== Segment start ==

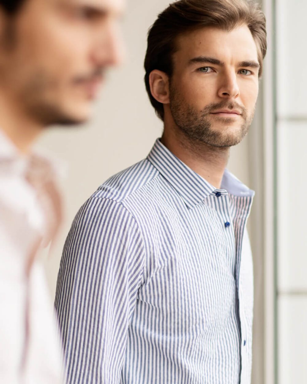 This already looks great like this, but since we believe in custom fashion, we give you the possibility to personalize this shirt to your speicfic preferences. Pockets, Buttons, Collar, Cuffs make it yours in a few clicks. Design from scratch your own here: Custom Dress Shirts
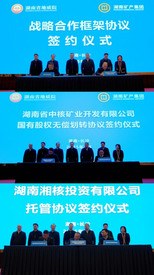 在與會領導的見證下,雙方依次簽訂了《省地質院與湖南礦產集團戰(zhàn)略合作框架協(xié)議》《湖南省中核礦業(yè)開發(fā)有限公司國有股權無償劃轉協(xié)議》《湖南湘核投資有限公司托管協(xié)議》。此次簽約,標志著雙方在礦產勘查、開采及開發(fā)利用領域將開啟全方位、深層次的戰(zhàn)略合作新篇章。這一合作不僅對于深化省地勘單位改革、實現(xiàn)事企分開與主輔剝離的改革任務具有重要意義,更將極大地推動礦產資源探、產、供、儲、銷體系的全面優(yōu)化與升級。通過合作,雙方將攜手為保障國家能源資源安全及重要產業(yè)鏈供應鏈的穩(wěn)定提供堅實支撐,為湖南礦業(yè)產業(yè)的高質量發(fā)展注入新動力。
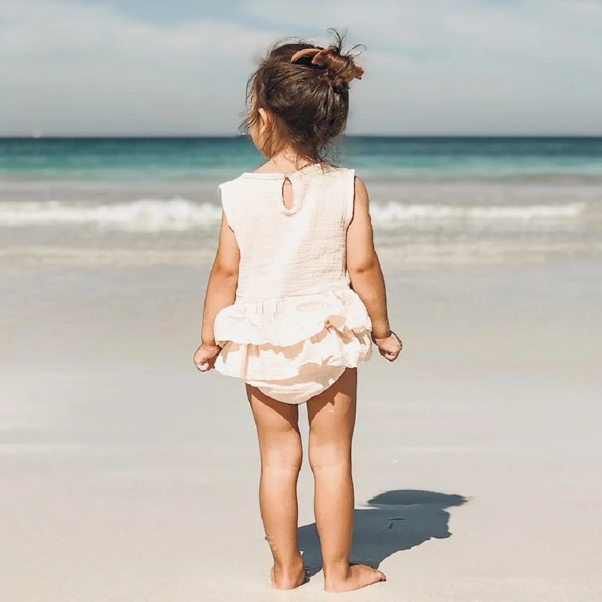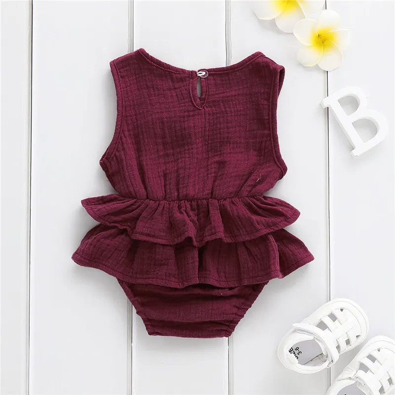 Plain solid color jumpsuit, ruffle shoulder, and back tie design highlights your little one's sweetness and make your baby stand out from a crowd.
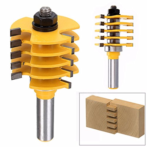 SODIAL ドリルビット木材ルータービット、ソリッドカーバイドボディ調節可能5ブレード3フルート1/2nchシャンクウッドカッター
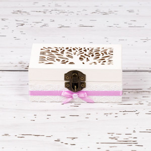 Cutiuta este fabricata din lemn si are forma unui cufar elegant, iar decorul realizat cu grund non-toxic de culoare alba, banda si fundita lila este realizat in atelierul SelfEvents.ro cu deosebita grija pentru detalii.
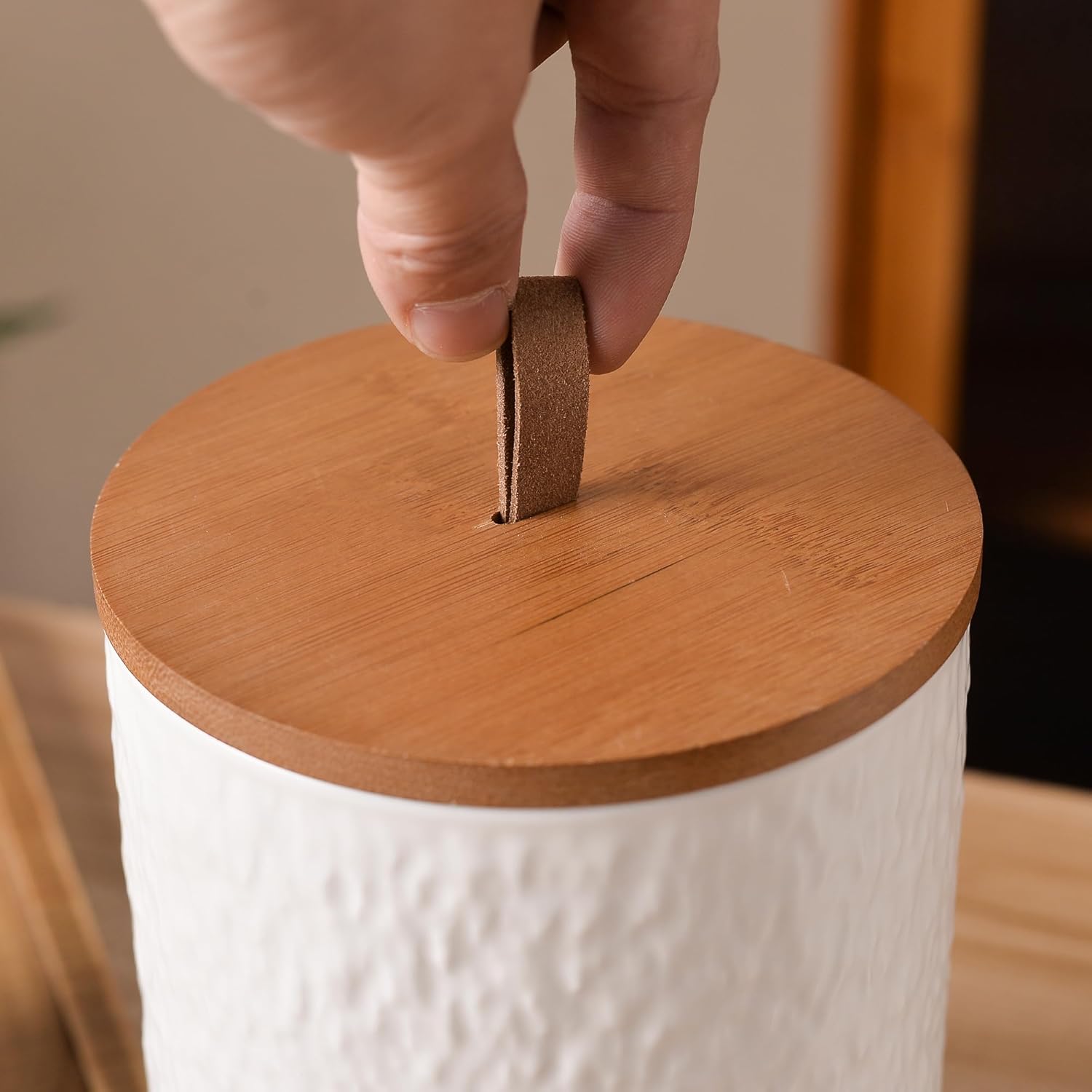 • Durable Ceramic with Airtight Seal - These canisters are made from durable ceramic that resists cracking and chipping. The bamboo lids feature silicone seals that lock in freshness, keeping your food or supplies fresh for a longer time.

== Segment end ==

» REQUIREMENT: Nothing should appear in the answer except the lines from the first line of the data through the line holding "在與會領導的見證下,雙方依次", exactly as written, with pictures left out.

» TASK RESPONSE:
 This already looks great like this, but since we believe in custom fashion, we give you the possibility to personalize this shirt to your speicfic preferences. Pockets, Buttons, Collar, Cuffs make it yours in a few clicks. Design from scratch your own here: Custom Dress Shirts
 在與會領導的見證下,雙方依次簽訂了《省地質院與湖南礦產集團戰(zhàn)略合作框架協(xié)議》《湖南省中核礦業(yè)開發(fā)有限公司國有股權無償劃轉協(xié)議》《湖南湘核投資有限公司托管協(xié)議》。此次簽約,標志著雙方在礦產勘查、開采及開發(fā)利用領域將開啟全方位、深層次的戰(zhàn)略合作新篇章。這一合作不僅對于深化省地勘單位改革、實現(xiàn)事企分開與主輔剝離的改革任務具有重要意義,更將極大地推動礦產資源探、產、供、儲、銷體系的全面優(yōu)化與升級。通過合作,雙方將攜手為保障國家能源資源安全及重要產業(yè)鏈供應鏈的穩(wěn)定提供堅實支撐,為湖南礦業(yè)產業(yè)的高質量發(fā)展注入新動力。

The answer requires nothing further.